[Exercise instructions] The required answer is an exact copy of the lines from the one containing "- 집계 함수의 통계 정보는 NULL 값을 가진 행을 제외하고 수행." to the end of the listing, both included, without any pictures.

[Provided material]
==================================================

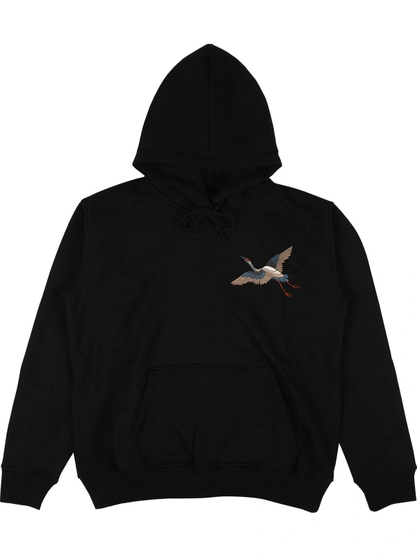 Japan Crane Siyah Oversize Unisex Kapüşonlu Sweatshirt Hoodie
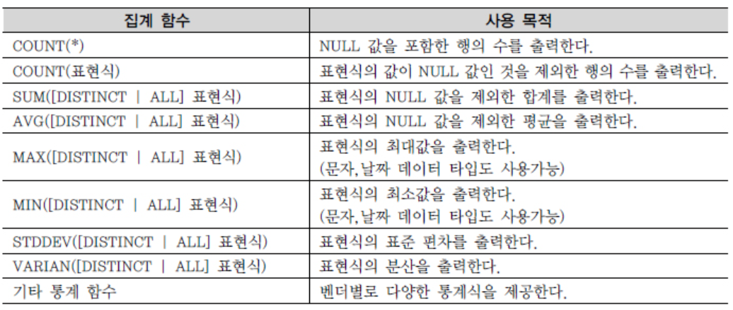 - 집계 함수의 통계 정보는 NULL 값을 가진 행을 제외하고 수행.
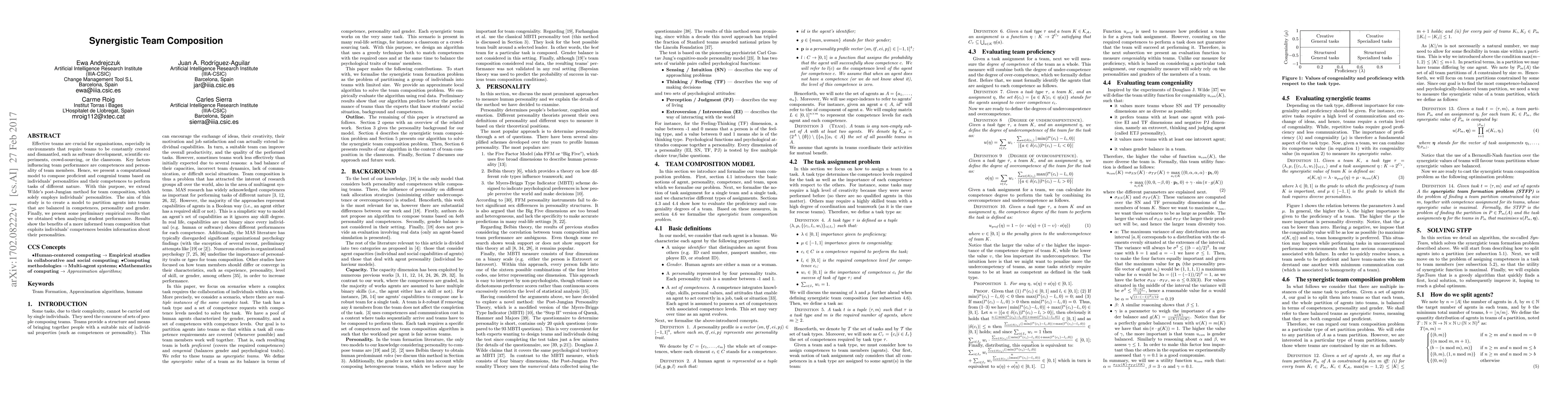 Effective teams are crucial for organisations, especially in environments that require teams to be constantly created and dismantled, such as software development, scientific experiments, crowd-sourcing, or the classroom. Key factors influencing team performance are competences and personality of team members. Hence, we present a computational model to compose proficient and congenial teams based on individuals' personalities and their competences to perform tasks of different nature. With this purpose, we extend Wilde's post-Jungian method for team composition, which solely employs individuals' personalities. The aim of this study is to create a model to partition agents into teams that are balanced in competences, personality and gender. Finally, we present some preliminary empirical results that we obtained when analysing student performance. Results show the benefits of a more informed team composition that exploits individuals' competences besides information about their personalities.

==================================================

[Your solution]
 - 집계 함수의 통계 정보는 NULL 값을 가진 행을 제외하고 수행.
 Effective teams are crucial for organisations, especially in environments that require teams to be constantly created and dismantled, such as software development, scientific experiments, crowd-sourcing, or the classroom. Key factors influencing team performance are competences and personality of team members. Hence, we present a computational model to compose proficient and congenial teams based on individuals' personalities and their competences to perform tasks of different nature. With this purpose, we extend Wilde's post-Jungian method for team composition, which solely employs individuals' personalities. The aim of this study is to create a model to partition agents into teams that are balanced in competences, personality and gender. Finally, we present some preliminary empirical results that we obtained when analysing student performance. Results show the benefits of a more informed team composition that exploits individuals' competences besides information about their personalities.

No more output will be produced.